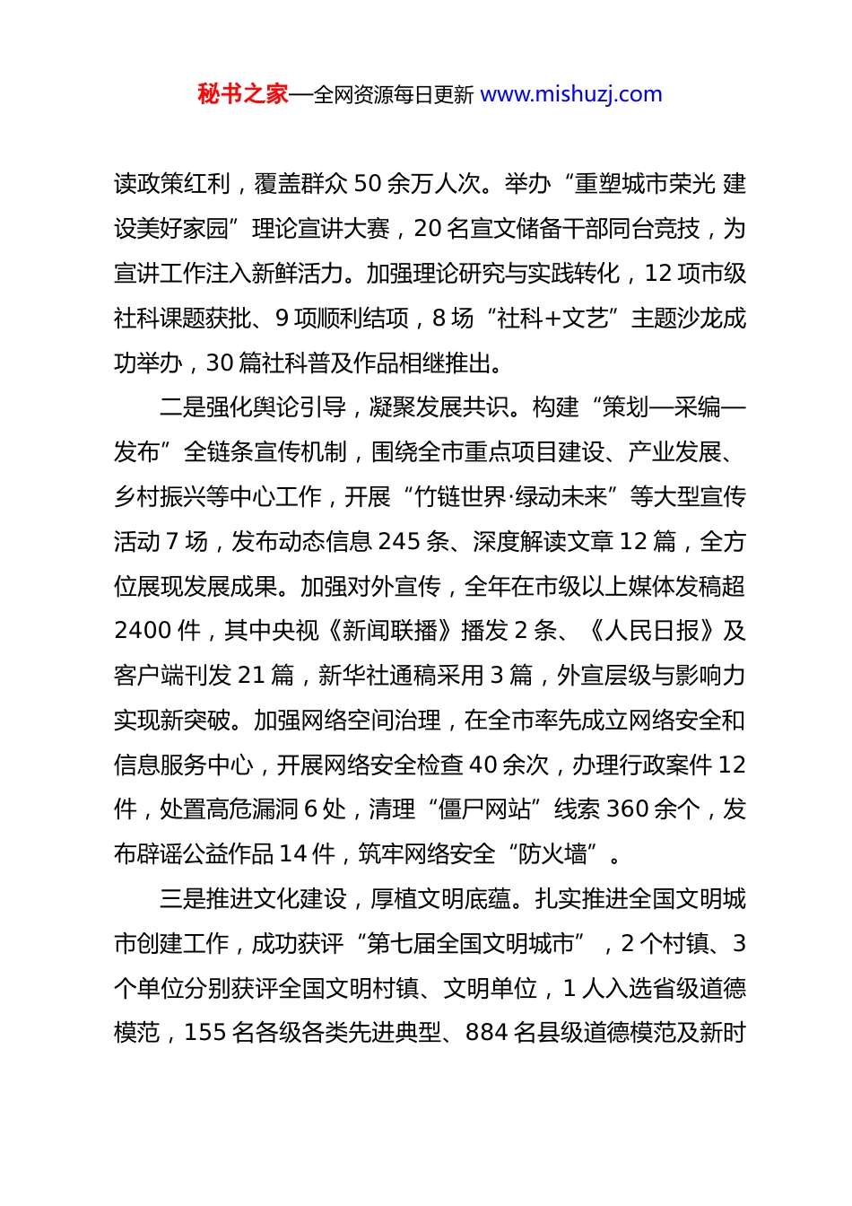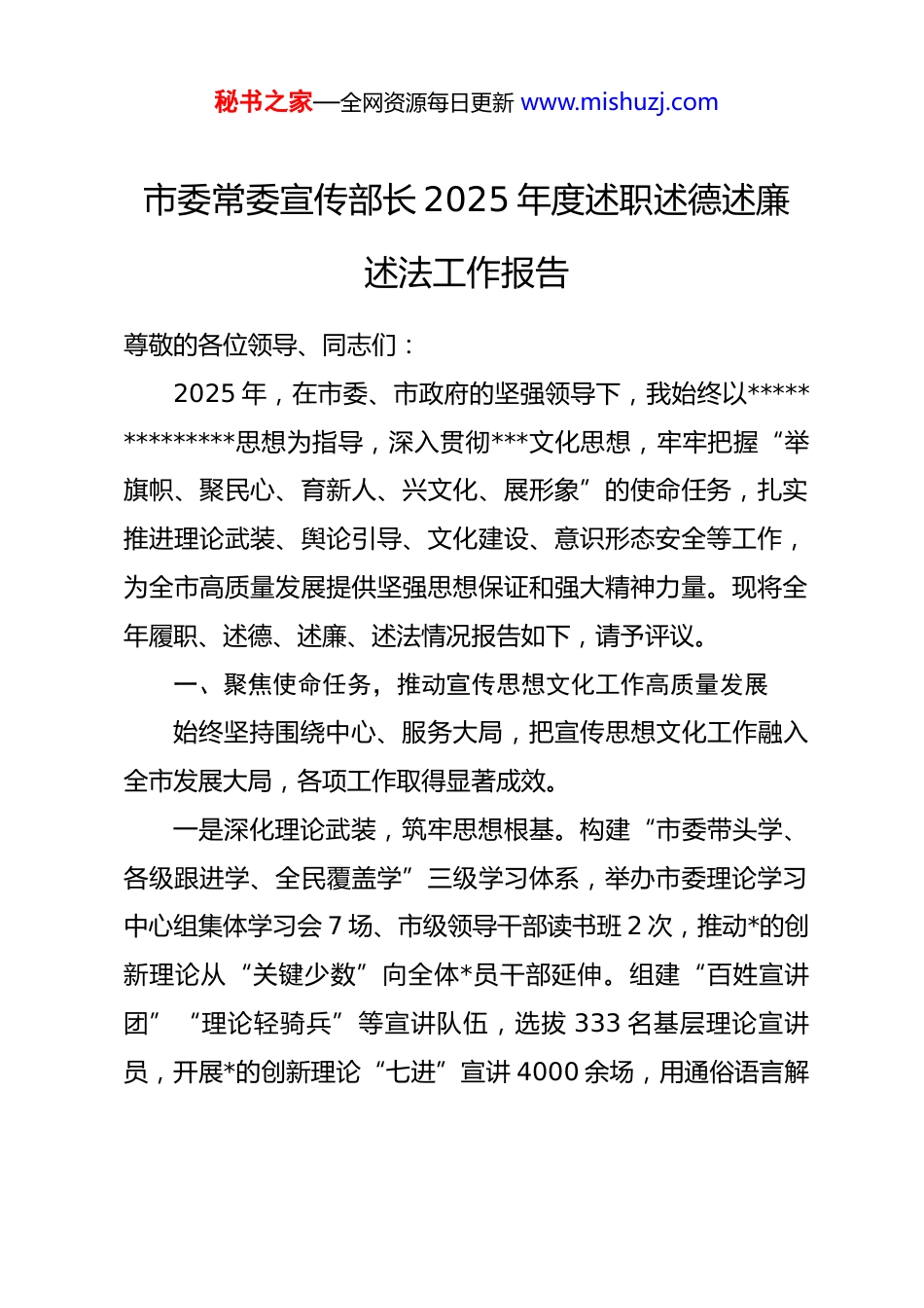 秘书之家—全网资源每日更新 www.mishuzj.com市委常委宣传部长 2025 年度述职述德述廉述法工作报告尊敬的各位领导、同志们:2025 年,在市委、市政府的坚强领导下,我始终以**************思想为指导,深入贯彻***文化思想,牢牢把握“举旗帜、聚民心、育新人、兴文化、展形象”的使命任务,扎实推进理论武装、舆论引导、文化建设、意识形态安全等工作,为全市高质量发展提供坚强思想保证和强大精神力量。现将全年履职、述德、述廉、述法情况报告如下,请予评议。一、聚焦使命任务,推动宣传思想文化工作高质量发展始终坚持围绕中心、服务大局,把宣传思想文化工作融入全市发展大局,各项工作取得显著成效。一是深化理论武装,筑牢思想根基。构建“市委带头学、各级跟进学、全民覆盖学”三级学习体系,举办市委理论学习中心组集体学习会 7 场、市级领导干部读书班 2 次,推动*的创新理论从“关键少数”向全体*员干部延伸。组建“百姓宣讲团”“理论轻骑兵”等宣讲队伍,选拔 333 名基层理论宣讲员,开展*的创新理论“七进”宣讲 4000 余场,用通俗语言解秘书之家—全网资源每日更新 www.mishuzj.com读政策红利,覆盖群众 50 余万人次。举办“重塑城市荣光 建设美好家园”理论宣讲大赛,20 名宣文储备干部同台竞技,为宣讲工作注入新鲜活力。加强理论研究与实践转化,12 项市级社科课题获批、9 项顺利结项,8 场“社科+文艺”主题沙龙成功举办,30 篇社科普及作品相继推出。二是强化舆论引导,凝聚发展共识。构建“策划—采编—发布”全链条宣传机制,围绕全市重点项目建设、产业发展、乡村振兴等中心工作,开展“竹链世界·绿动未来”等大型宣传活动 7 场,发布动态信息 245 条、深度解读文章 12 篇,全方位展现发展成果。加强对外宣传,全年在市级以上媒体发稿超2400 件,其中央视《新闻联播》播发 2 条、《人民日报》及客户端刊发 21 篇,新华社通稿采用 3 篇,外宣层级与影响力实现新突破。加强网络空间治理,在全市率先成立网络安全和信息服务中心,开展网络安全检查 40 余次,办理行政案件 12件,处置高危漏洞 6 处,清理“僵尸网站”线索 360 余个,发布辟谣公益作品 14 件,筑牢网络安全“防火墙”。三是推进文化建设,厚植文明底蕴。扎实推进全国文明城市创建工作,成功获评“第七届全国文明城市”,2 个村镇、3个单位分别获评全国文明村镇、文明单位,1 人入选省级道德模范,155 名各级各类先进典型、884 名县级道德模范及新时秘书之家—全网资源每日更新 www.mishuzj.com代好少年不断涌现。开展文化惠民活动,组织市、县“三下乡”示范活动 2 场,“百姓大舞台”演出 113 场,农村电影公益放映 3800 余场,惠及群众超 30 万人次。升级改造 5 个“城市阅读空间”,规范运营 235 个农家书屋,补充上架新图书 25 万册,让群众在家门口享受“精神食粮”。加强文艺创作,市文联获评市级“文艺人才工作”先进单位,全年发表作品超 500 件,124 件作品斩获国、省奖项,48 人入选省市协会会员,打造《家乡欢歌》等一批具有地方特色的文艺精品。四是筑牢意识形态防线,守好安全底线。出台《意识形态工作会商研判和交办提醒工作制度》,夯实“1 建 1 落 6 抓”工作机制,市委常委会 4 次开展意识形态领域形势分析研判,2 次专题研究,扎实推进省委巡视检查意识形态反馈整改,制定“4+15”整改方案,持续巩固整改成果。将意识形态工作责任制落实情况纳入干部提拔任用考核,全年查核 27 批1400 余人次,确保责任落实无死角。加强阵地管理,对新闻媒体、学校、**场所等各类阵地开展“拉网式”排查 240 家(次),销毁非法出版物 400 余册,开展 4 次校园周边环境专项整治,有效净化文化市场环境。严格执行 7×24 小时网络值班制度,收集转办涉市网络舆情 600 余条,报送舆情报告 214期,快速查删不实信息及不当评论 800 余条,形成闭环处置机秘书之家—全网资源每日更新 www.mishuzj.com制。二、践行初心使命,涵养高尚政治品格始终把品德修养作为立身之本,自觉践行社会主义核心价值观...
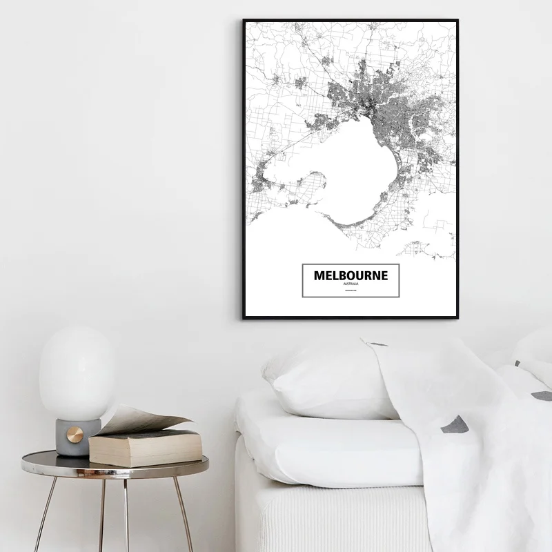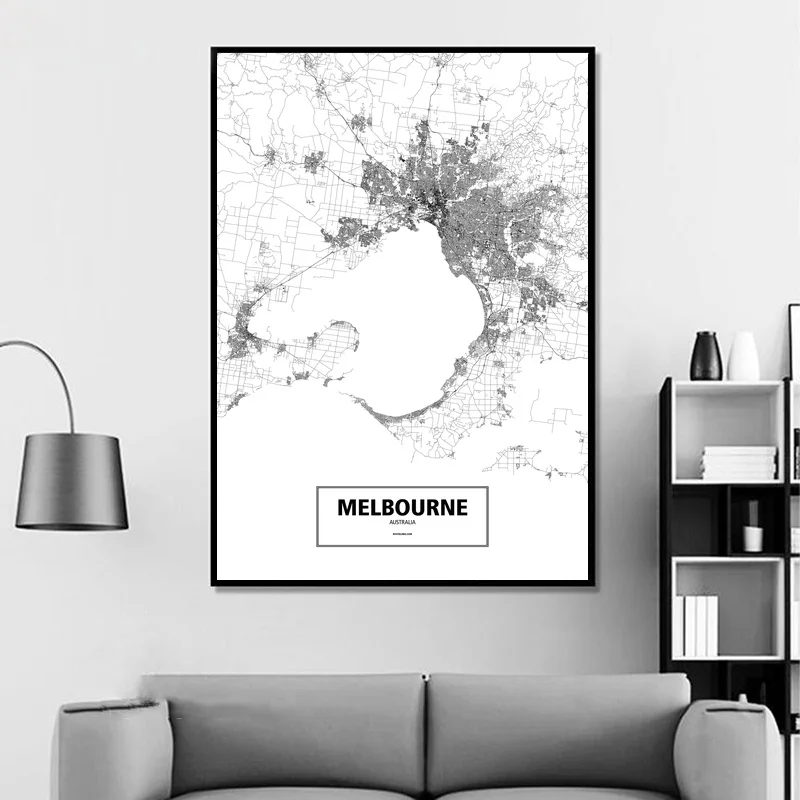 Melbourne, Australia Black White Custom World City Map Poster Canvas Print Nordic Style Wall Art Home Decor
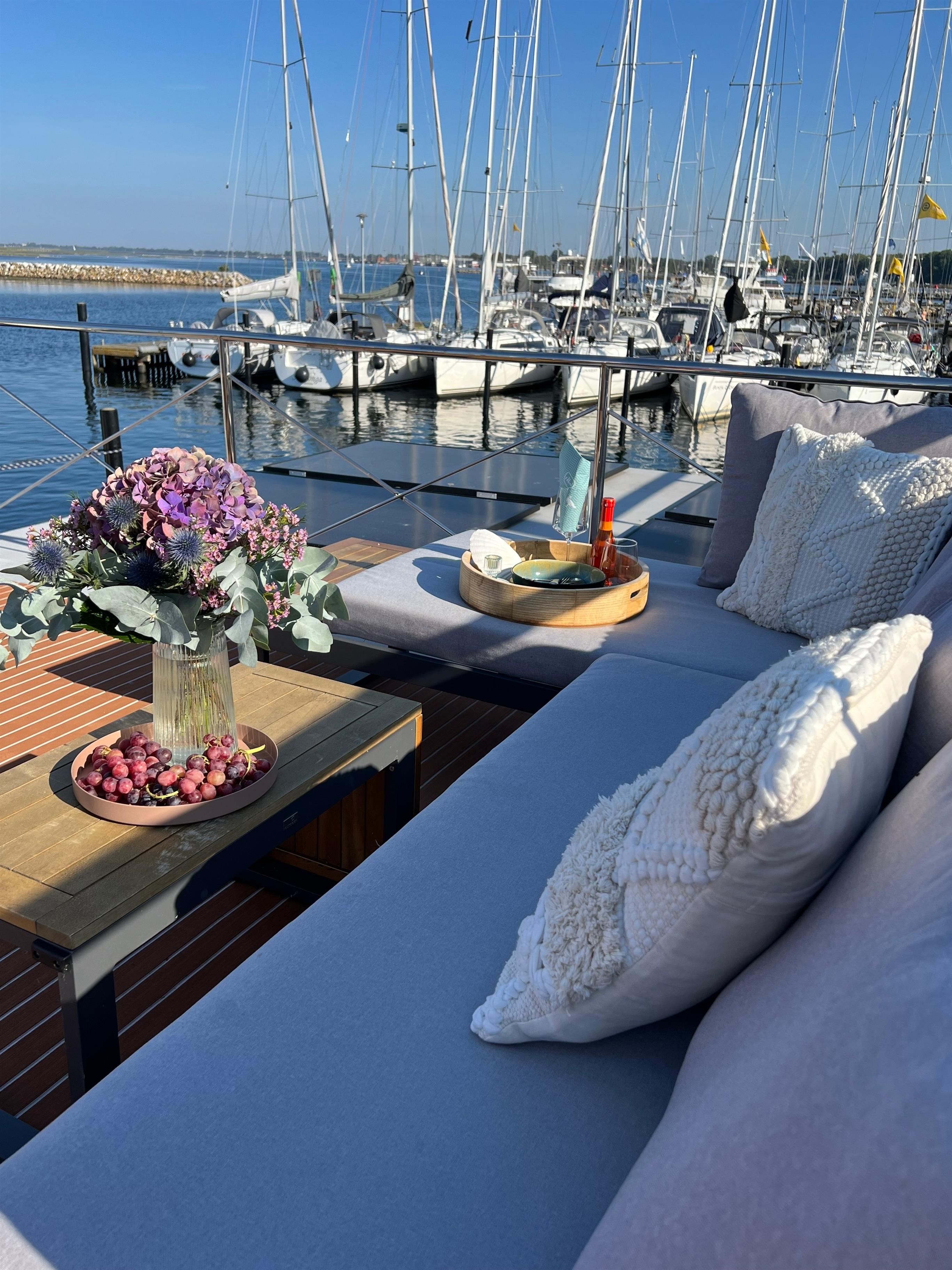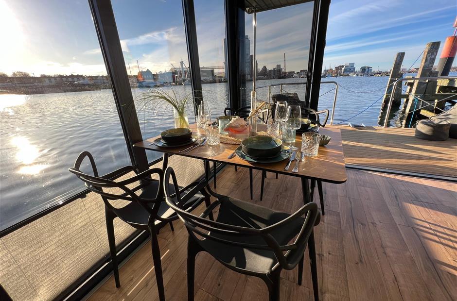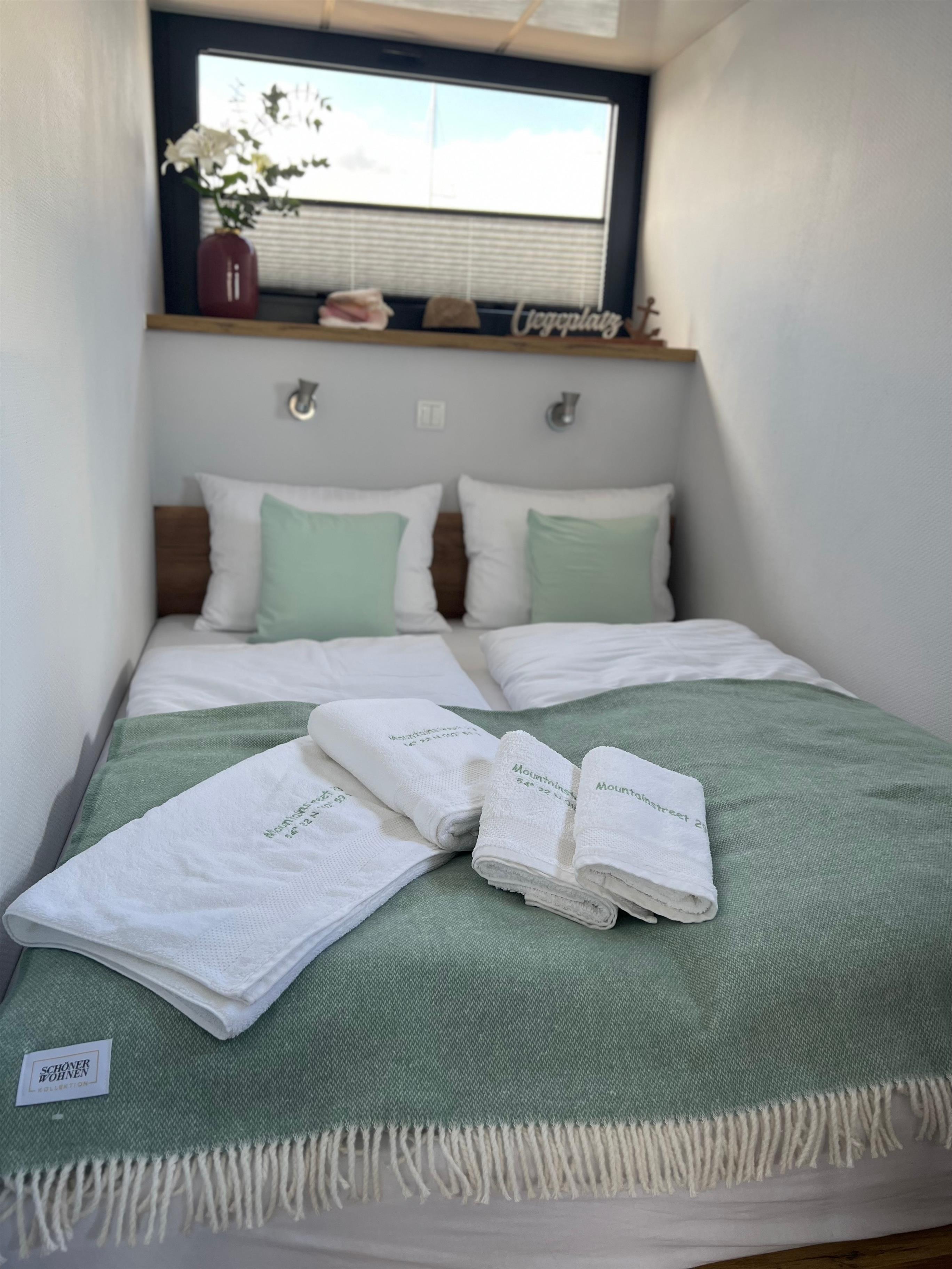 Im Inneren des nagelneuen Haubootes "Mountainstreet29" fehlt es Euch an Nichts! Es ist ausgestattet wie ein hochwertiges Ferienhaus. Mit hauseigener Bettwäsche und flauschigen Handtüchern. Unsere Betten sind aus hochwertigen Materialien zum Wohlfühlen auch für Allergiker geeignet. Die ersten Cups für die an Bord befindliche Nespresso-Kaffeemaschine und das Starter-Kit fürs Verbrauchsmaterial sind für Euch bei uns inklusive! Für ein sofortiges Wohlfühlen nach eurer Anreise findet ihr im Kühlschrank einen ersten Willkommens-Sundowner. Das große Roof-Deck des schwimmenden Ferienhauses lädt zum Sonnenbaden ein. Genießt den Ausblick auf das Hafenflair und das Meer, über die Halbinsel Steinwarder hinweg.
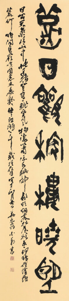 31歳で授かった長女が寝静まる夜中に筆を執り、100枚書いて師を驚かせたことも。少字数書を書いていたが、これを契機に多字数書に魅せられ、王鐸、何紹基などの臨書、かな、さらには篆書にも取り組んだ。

* Task goal *
When you repeat the data, keep it exact and drop every picture.

* Task answer *
 秘书之家—全网资源每日更新 www.mishuzj.com市委常委宣传部长 2025 年度述职述德述廉述法工作报告尊敬的各位领导、同志们:2025 年,在市委、市政府的坚强领导下,我始终以**************思想为指导,深入贯彻***文化思想,牢牢把握“举旗帜、聚民心、育新人、兴文化、展形象”的使命任务,扎实推进理论武装、舆论引导、文化建设、意识形态安全等工作,为全市高质量发展提供坚强思想保证和强大精神力量。现将全年履职、述德、述廉、述法情况报告如下,请予评议。一、聚焦使命任务,推动宣传思想文化工作高质量发展始终坚持围绕中心、服务大局,把宣传思想文化工作融入全市发展大局,各项工作取得显著成效。一是深化理论武装,筑牢思想根基。构建“市委带头学、各级跟进学、全民覆盖学”三级学习体系,举办市委理论学习中心组集体学习会 7 场、市级领导干部读书班 2 次,推动*的创新理论从“关键少数”向全体*员干部延伸。组建“百姓宣讲团”“理论轻骑兵”等宣讲队伍,选拔 333 名基层理论宣讲员,开展*的创新理论“七进”宣讲 4000 余场,用通俗语言解秘书之家—全网资源每日更新 www.mishuzj.com读政策红利,覆盖群众 50 余万人次。举办“重塑城市荣光 建设美好家园”理论宣讲大赛,20 名宣文储备干部同台竞技,为宣讲工作注入新鲜活力。加强理论研究与实践转化,12 项市级社科课题获批、9 项顺利结项,8 场“社科+文艺”主题沙龙成功举办,30 篇社科普及作品相继推出。二是强化舆论引导,凝聚发展共识。构建“策划—采编—发布”全链条宣传机制,围绕全市重点项目建设、产业发展、乡村振兴等中心工作,开展“竹链世界·绿动未来”等大型宣传活动 7 场,发布动态信息 245 条、深度解读文章 12 篇,全方位展现发展成果。加强对外宣传,全年在市级以上媒体发稿超2400 件,其中央视《新闻联播》播发 2 条、《人民日报》及客户端刊发 21 篇,新华社通稿采用 3 篇,外宣层级与影响力实现新突破。加强网络空间治理,在全市率先成立网络安全和信息服务中心,开展网络安全检查 40 余次,办理行政案件 12件,处置高危漏洞 6 处,清理“僵尸网站”线索 360 余个,发布辟谣公益作品 14 件,筑牢网络安全“防火墙”。三是推进文化建设,厚植文明底蕴。扎实推进全国文明城市创建工作,成功获评“第七届全国文明城市”,2 个村镇、3个单位分别获评全国文明村镇、文明单位,1 人入选省级道德模范,155 名各级各类先进典型、884 名县级道德模范及新时秘书之家—全网资源每日更新 www.mishuzj.com代好少年不断涌现。开展文化惠民活动,组织市、县“三下乡”示范活动 2 场,“百姓大舞台”演出 113 场,农村电影公益放映 3800 余场,惠及群众超 30 万人次。升级改造 5 个“城市阅读空间”,规范运营 235 个农家书屋,补充上架新图书 25 万册,让群众在家门口享受“精神食粮”。加强文艺创作,市文联获评市级“文艺人才工作”先进单位,全年发表作品超 500 件,124 件作品斩获国、省奖项,48 人入选省市协会会员,打造《家乡欢歌》等一批具有地方特色的文艺精品。四是筑牢意识形态防线,守好安全底线。出台《意识形态工作会商研判和交办提醒工作制度》,夯实“1 建 1 落 6 抓”工作机制,市委常委会 4 次开展意识形态领域形势分析研判,2 次专题研究,扎实推进省委巡视检查意识形态反馈整改,制定“4+15”整改方案,持续巩固整改成果。将意识形态工作责任制落实情况纳入干部提拔任用考核,全年查核 27 批1400 余人次,确保责任落实无死角。加强阵地管理,对新闻媒体、学校、**场所等各类阵地开展“拉网式”排查 240 家(次),销毁非法出版物 400 余册,开展 4 次校园周边环境专项整治,有效净化文化市场环境。严格执行 7×24 小时网络值班制度,收集转办涉市网络舆情 600 余条,报送舆情报告 214期,快速查删不实信息及不当评论 800 余条,形成闭环处置机秘书之家—全网资源每日更新 www.mishuzj.com制。二、践行初心使命,涵养高尚政治品格始终把品德修养作为立身之本,自觉践行社会主义核心价值观...
 Melbourne, Australia Black White Custom World City Map Poster Canvas Print Nordic Style Wall Art Home Decor
 Im Inneren des nagelneuen Haubootes "Mountainstreet29" fehlt es Euch an Nichts! Es ist ausgestattet wie ein hochwertiges Ferienhaus. Mit hauseigener Bettwäsche und flauschigen Handtüchern. Unsere Betten sind aus hochwertigen Materialien zum Wohlfühlen auch für Allergiker geeignet. Die ersten Cups für die an Bord befindliche Nespresso-Kaffeemaschine und das Starter-Kit fürs Verbrauchsmaterial sind für Euch bei uns inklusive! Für ein sofortiges Wohlfühlen nach eurer Anreise findet ihr im Kühlschrank einen ersten Willkommens-Sundowner. Das große Roof-Deck des schwimmenden Ferienhauses lädt zum Sonnenbaden ein. Genießt den Ausblick auf das Hafenflair und das Meer, über die Halbinsel Steinwarder hinweg.
 31歳で授かった長女が寝静まる夜中に筆を執り、100枚書いて師を驚かせたことも。少字数書を書いていたが、これを契機に多字数書に魅せられ、王鐸、何紹基などの臨書、かな、さらには篆書にも取り組んだ。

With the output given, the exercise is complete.